Pew Report on Bloggers
Fun with Google Trends

Content Cannibalization

David Meerman Scott wrote this great article on content cannibalization for eContent magazine. My favorite points:

He refers to Shannon Holman’s blog where she says micro-content is “the chunked, loosely gathered, widely dispersed, secret-sauced slices of content sold for (way) more than the sum of their parts.”

David goes on to say that “The fact is that smart publishers know the name of the game is offering different slices of the same content via multiple distribution channels and marketing each one to the particular buyers within that channel.” Well put.

“This is particularly true for smaller publishers using search engine optimization (SEO) because nearly all the people who find the content via search will have never heard of the publisher.” That point may very well be true for publishers of all sizes. As Erik Dafforn noted on his blog earlier this year, even the tech publishers have a long way to go on the SEO front.

My favorite part of this is the excellent analogy David makes at the end of the article.
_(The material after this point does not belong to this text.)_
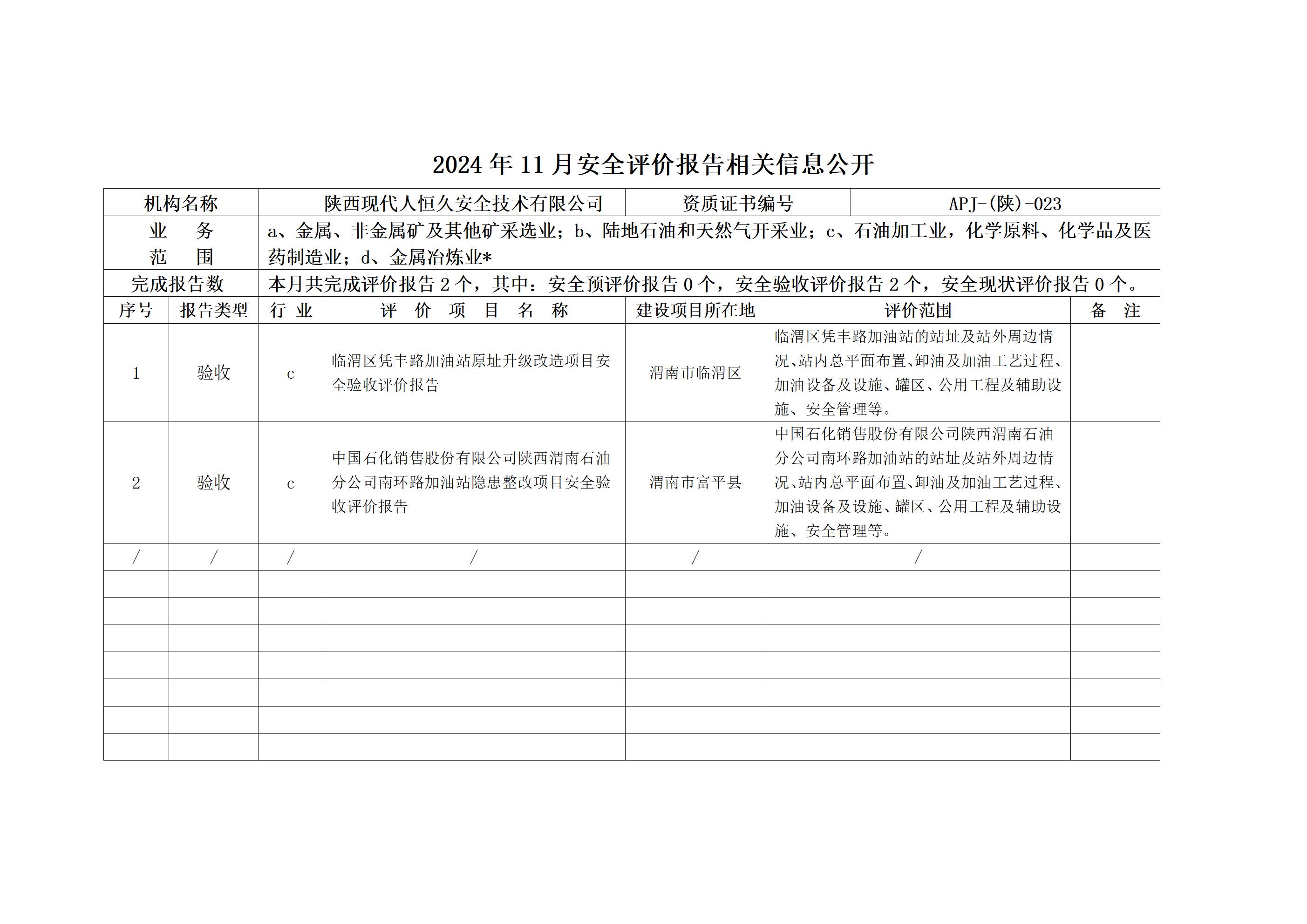 2024年11月安全评价报告相关信息公开

I won’t spoil it here…go read it and see for yourself.

At the end of the day, everything David says is true as long as you are really bringing in loads of new customers who wouldn’t have bought the full work at full price. Those new customers who are willing to buy a smaller chunk at a reduced rate should only be incremental to the equation.
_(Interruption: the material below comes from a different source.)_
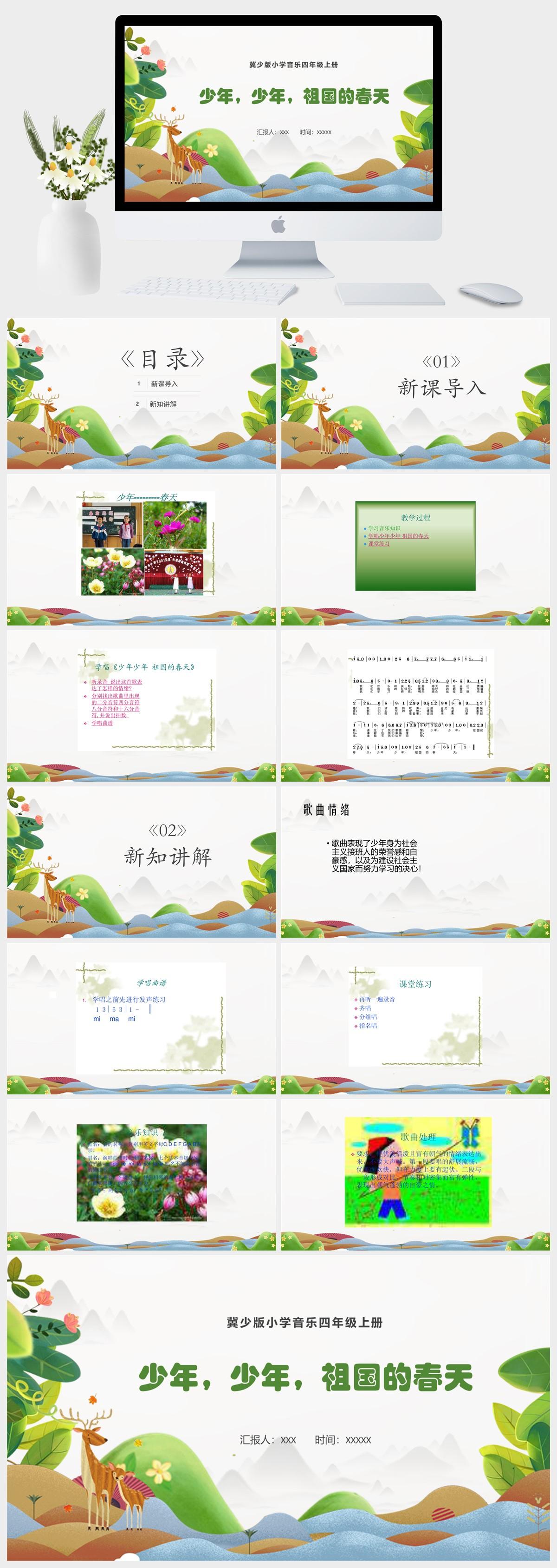 HKM3200-冀少版小学音乐四年级上册少年,少年,祖国的春天PPT模板

Thanks for alerting me to this article (and thanks for the plug!). This will be a great asset in another post I'm working on for next week. Similar to the concern over how to leverage your own content assets to maximize your exposure, one growing concern in my arena is how to ensure that you get (algorithmic) credit for your original content when you syndicate and distribute it.

SEO is in many ways still very insular and self-absorbed. I really appreciate how you show how it's working within the bigger picture across the publishing world.